Taking place on Friday, March 18, in the Longcourt House Hotel, Newcastle West, the concert will feature well-known musicians who have long roots in music and are steeped in the West Limerick tradition. But music from other areas of the country will also gladden hearts.
For one musician, the outstanding accordion player Dan Brouder, the concert will be a bit of a home-coming. The Monagea man, who grew up in the West Limerick tradition, now lives in Co. Longford where he partners, in life and in music, with banjo player Angelina Carberry, the winner of the TG4 Gradam Ceoil Musician of the Year award.

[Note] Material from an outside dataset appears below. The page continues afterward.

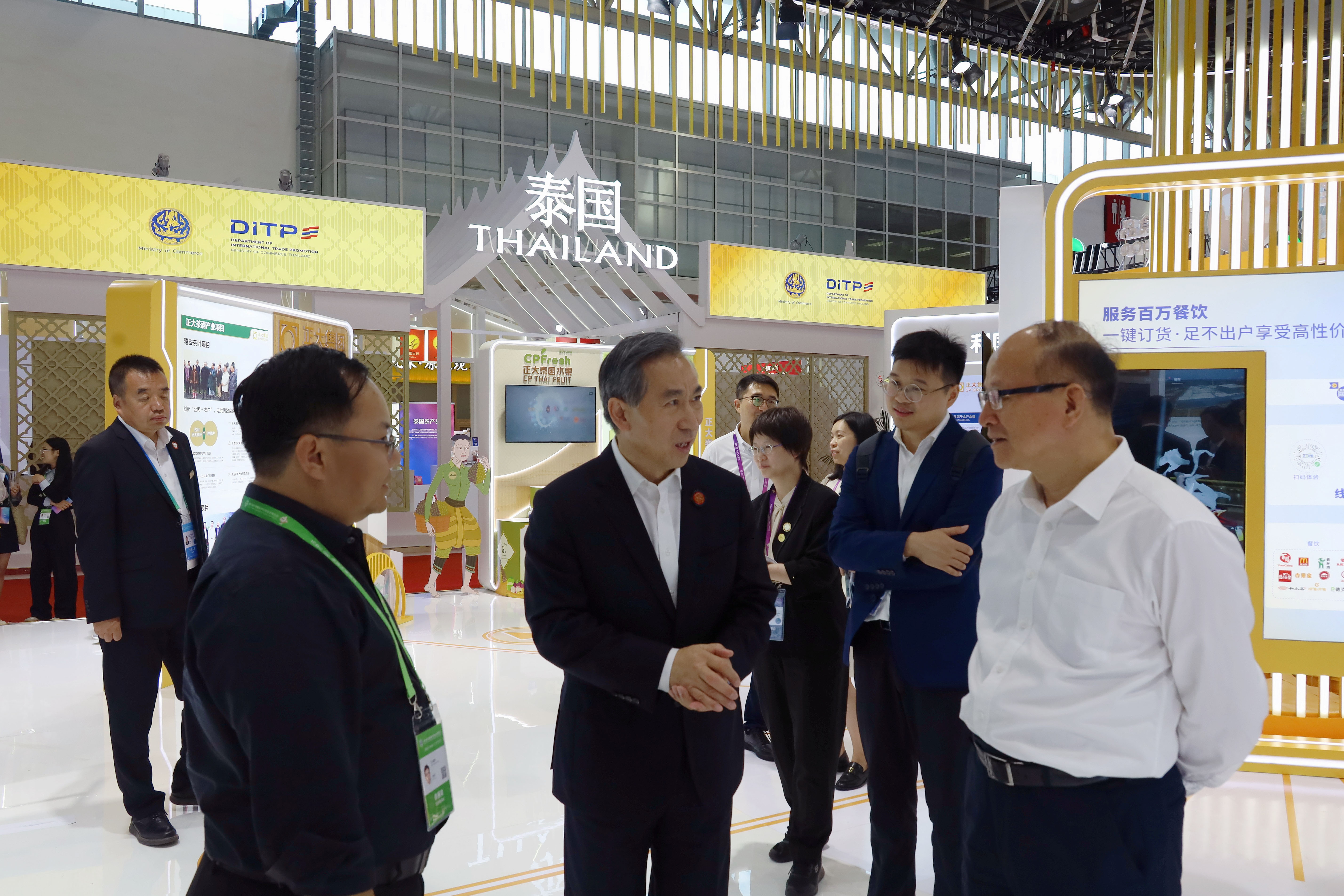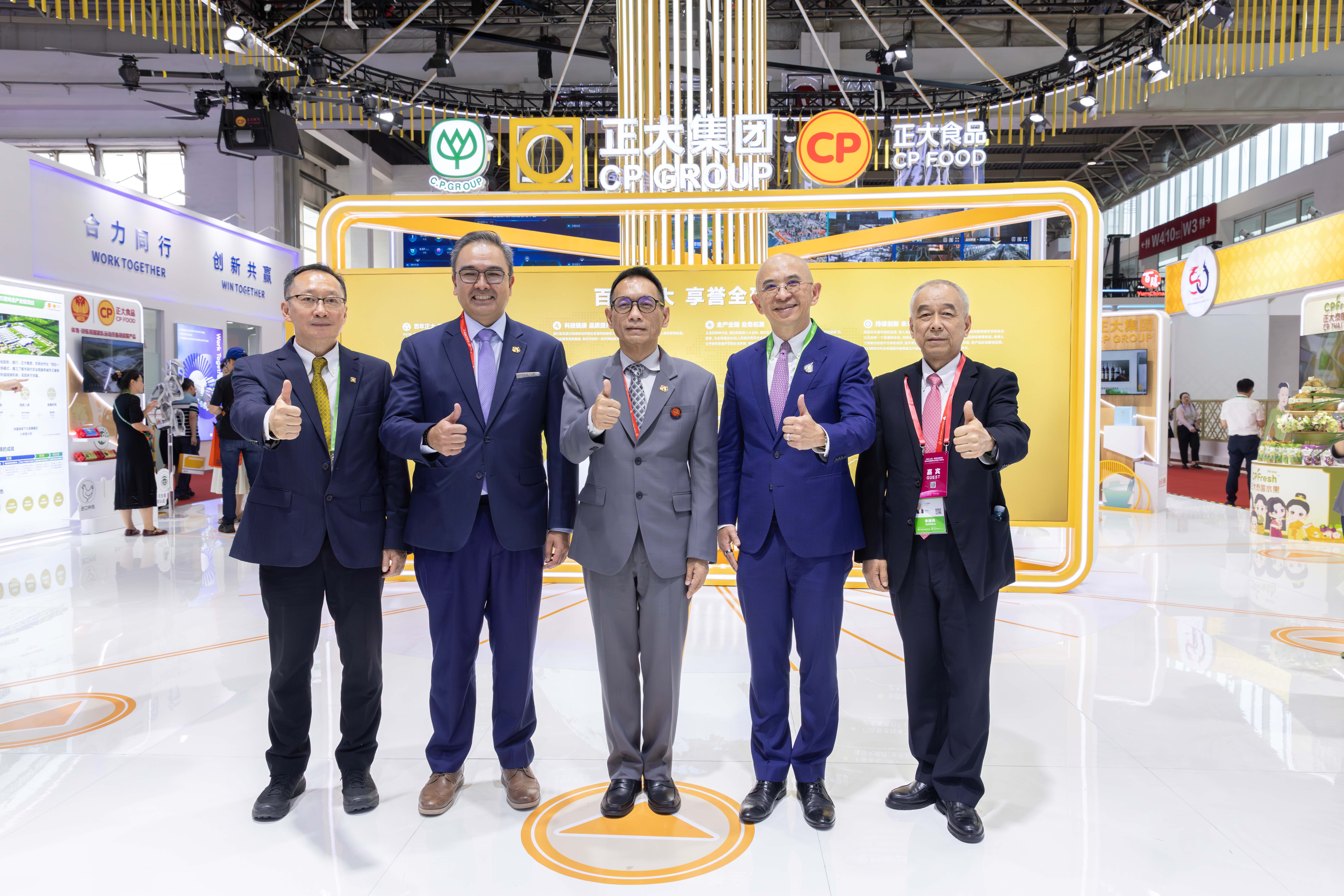 泰國(guó)商務(wù)部副次長(zhǎng)艾卡闡·斯達(dá)瓦拉瀾(中)一行參觀正大展館,正大集團(tuán)中國(guó)區(qū)財(cái)務(wù)長(zhǎng)楊森源(右二)熱情接待泰國(guó)政府來賓,集團(tuán)農(nóng)牧食品企業(yè)中國(guó)區(qū)資深副董事長(zhǎng)薛增一(右一)、中國(guó)區(qū)市場(chǎng)中心資深總裁張曙暉(左一)陪同接待并一同合影留念。

The two have long played together but this gig will see them launch their new CD, Back in Time, where they have explored the music tradition of Longford, the tradition Angelina draws from, and resurrecting a great treasury in doing so. Among the many gems are tunes drawn from the Michael Leonard and Thomas Manuscript (1844-1850)which was found in the attic of a pub in Abbeyshrule in 1962 and which provides an incredible glimpse into the music people were dancing to at the time. They also mined old recordings by Longford musicians who played in 1920s’ New York.

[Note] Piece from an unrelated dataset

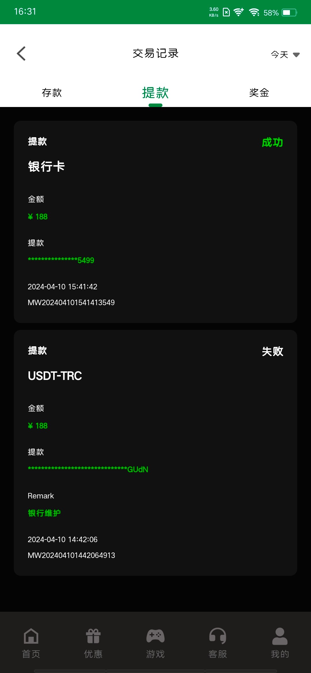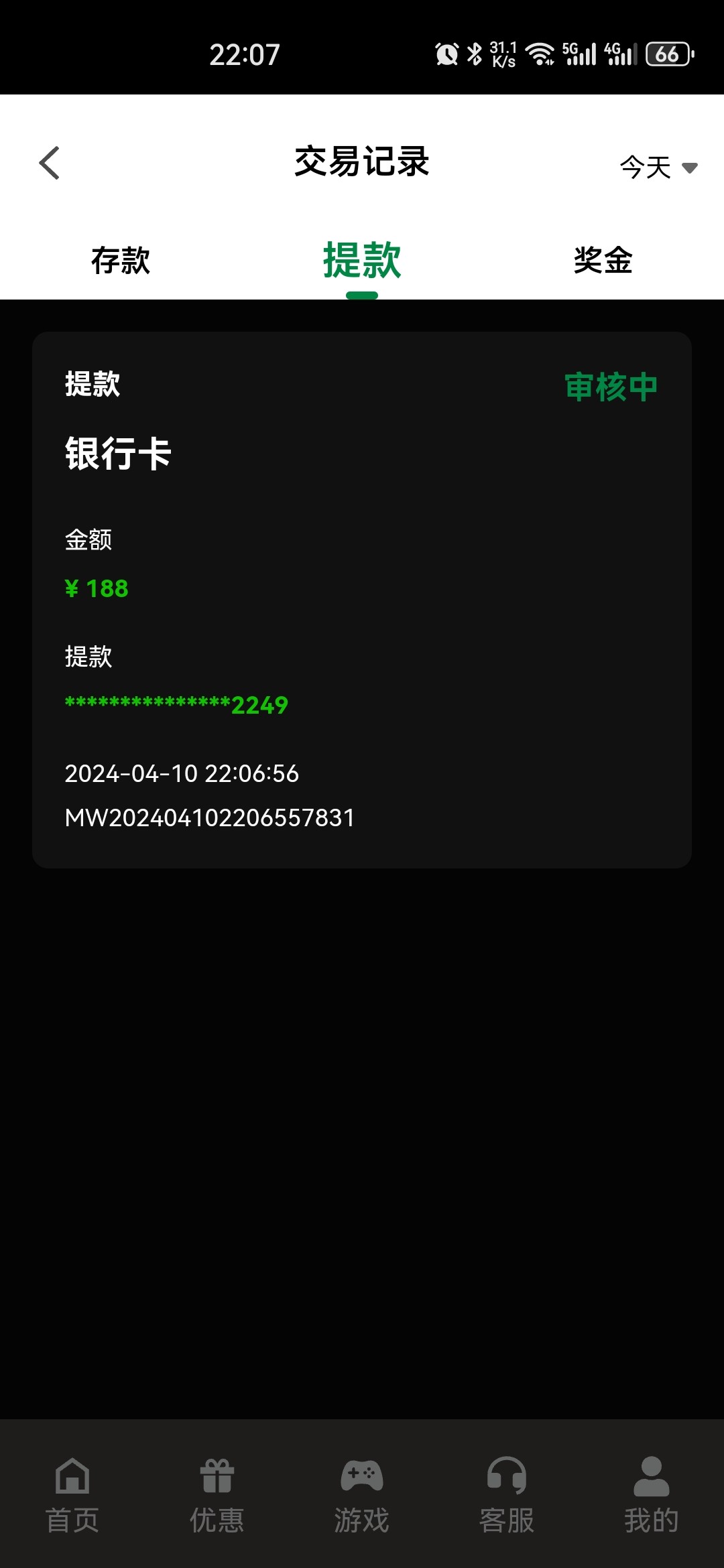 我的188 一个小时才到

Nearer to home, flute player Donal O’Sullivan and Diarmuid O’Brien on fiddle have also done serious research in putting together Abroad in the Back Kitchen, where bouzouki player Brian Mooney and pianist Clodagh Buckley also feature.

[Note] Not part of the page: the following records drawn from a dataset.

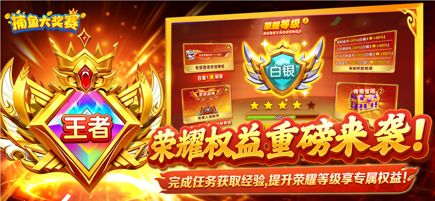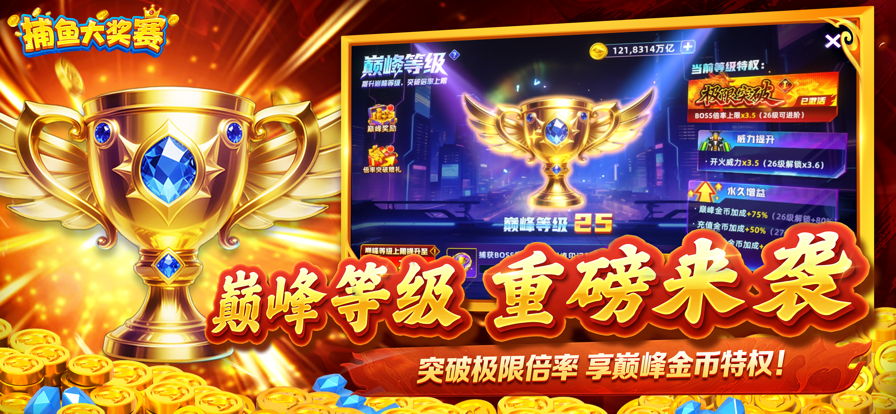 尊敬的捕鱼玩家们,《捕鱼大奖赛》是一款打鱼轻松,升炮简单的休闲街机捕鱼。 在这里您将体验到超高的BOSS倍率,超炫的美术表现。 赶快加入,享受高炮倍打鱼,满屏爆金的爆爽体验吧! 【超多福利,大量金币免费领】 登录就送海量金币,每日任务、节日玩法,多重福利领到手软。 【免费VIP,不肝不氪称霸服务器】 免费玩家赠送VIP等级,享受VIP同等福利。 【超高炮倍,金币炸翻天】 一亿炮倍,一炮赚千亿,金币不停赚赚赚。 【BOSS鱼种类多样,捕鱼不疲倦】 中外神话、动漫机甲、古代历史等题材应有尽有,使您在酣畅淋漓捕鱼的同时,享受古今中外文化熏陶。 【丰富的小游戏玩法,额外的金币奖励】 龙巢探险、海神宝藏、龙宫寻宝、蟠桃盛宴等小游戏随机触发,给您送上丰厚的金币奖励。 【特别声明】 《捕鱼大奖赛》提供游戏娱乐服务,在游戏内体验并获得成功,并不意味着现实世界的成功。 《捕鱼大奖赛》内的所有道具只可在本游戏内使用,且所有奖励与苹果公司无关。 《捕鱼大奖赛》不涉及任何赌博,无现金交易和实体奖品兑换功能。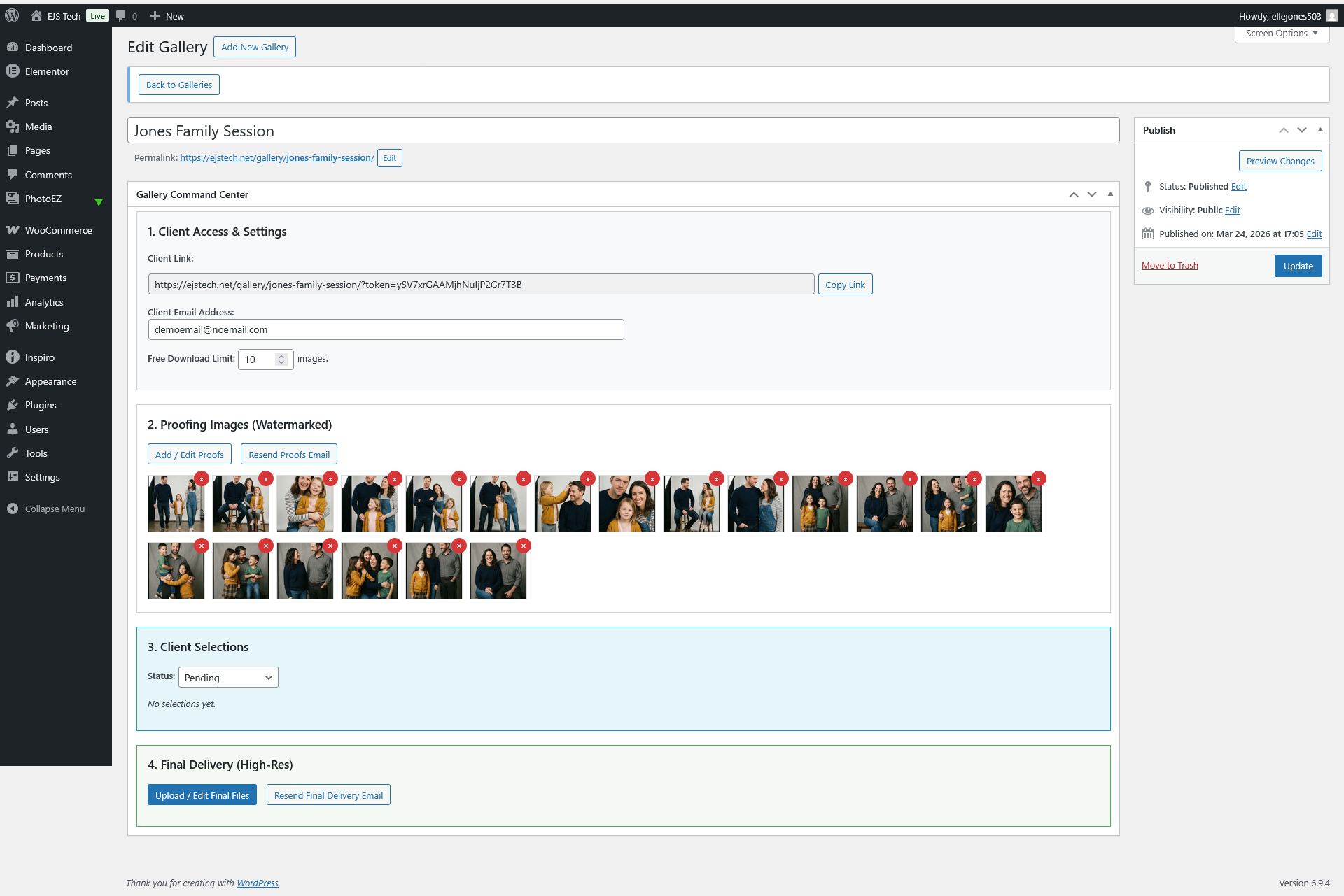 Email notifications Automatic emails to clients when proofs are ready and when final images are available, plus admin alerts when clients submit selections.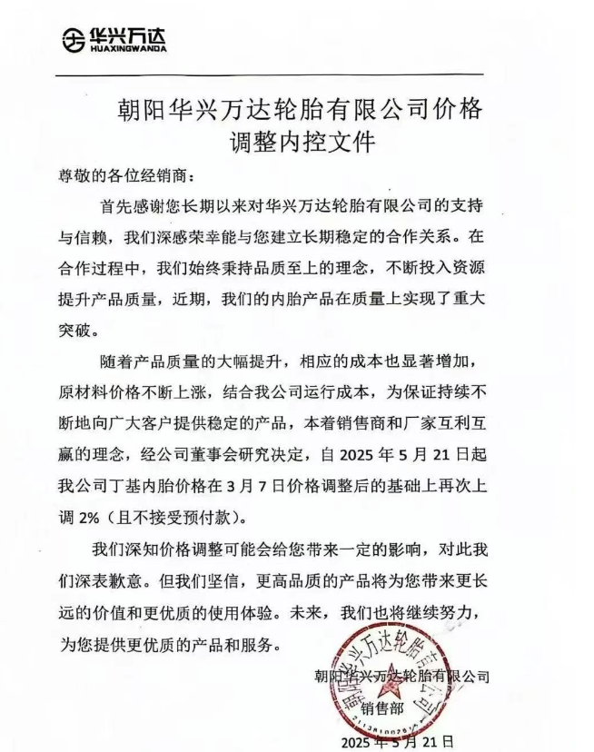 【炭黑產業(yè)網】5月21日消息,國內輪胎行業(yè)領軍企業(yè)朝陽華興萬達輪胎有限公司近日正式對外發(fā)布公告,宣布自2025年5月21日起,對旗下丁基內胎產品實施價格上調策略,調整幅度為2%,同時明確表示此次調價不接受預付款訂單。此舉立即引發(fā)了業(yè)界的廣泛關注。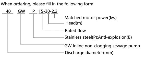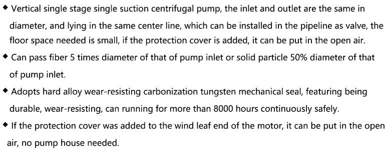 GW series non-clog single stage pipeline sewage pump, the inlet and outlet are on the same level, and the specification is the same, vertical structure, small space needed, motor and pump being coaxial, with chassis, install stably, the impeller has good ability of handling.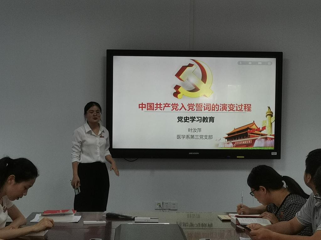 醫(yī)學(xué)系第三黨支部作為“雙帶頭人”支部、省黨建工作樣板支部,積極組織全體黨員師生及入黨積極分子開展《中國共產(chǎn)黨簡史》有聲書錄制活動。大家通過黨史學(xué)習(xí)并錄音,進(jìn)一步感悟初心使命,傳承紅色精神。目前,該有聲書活動已在醫(yī)學(xué)系團(tuán)總支微信公眾號推出兩期,師生中反響熱烈,掀起黨史學(xué)習(xí)教育熱潮。

“West Limerick doesn’t always get the same recognition as Clare or Sliabh Luachra,” says Diarmuid O’Brien, something which he evidently regrets.
But he is passionate in making the case for those players past and present with their own distinctive West Limerick style and repertoire. For this CD, he and Donal dug deep into old reel-to-reel recordings and carried out research over almost two years, before compiling their play-list which is a great showcase for West Limerick music, with its beautiful, steady ‘rhythm’ and ‘lift’ style. “I have no doubt a lot of the music would be lost if we didn’t record it,” he adds.
Francis O’Connor is another stalwart of the West Limerick tradition but with one eye also to the musical inheritance of his wife, Áine, who hails from Kilnamatra, Co Cork and is the daughter of the great Connie O’Connell.
In their CD, They didn’t come home until morning, Francis and Áine explore two great examples of duet playing that have greatly influenced them: the duet playing of Connie O’Connell and Denis Mc Mahon from Sliabh Luachra, and the duet playing of Moss Murphy and John Joe Harnett from West Limerick. Through this album, it is their hope to revive some of the great selections of tunes that these particular pairs. played.
Some of the tunes have unusual settings, some have extra parts and indeed, some of the tunes are in danger of being forgotten. Also included on this album, are some of the many great tunes that Francis has composed.
With such a line-up, a night of magic is assured and it comes with a cover charge of just €5. To secure your place, get there in good time for an 8pm start.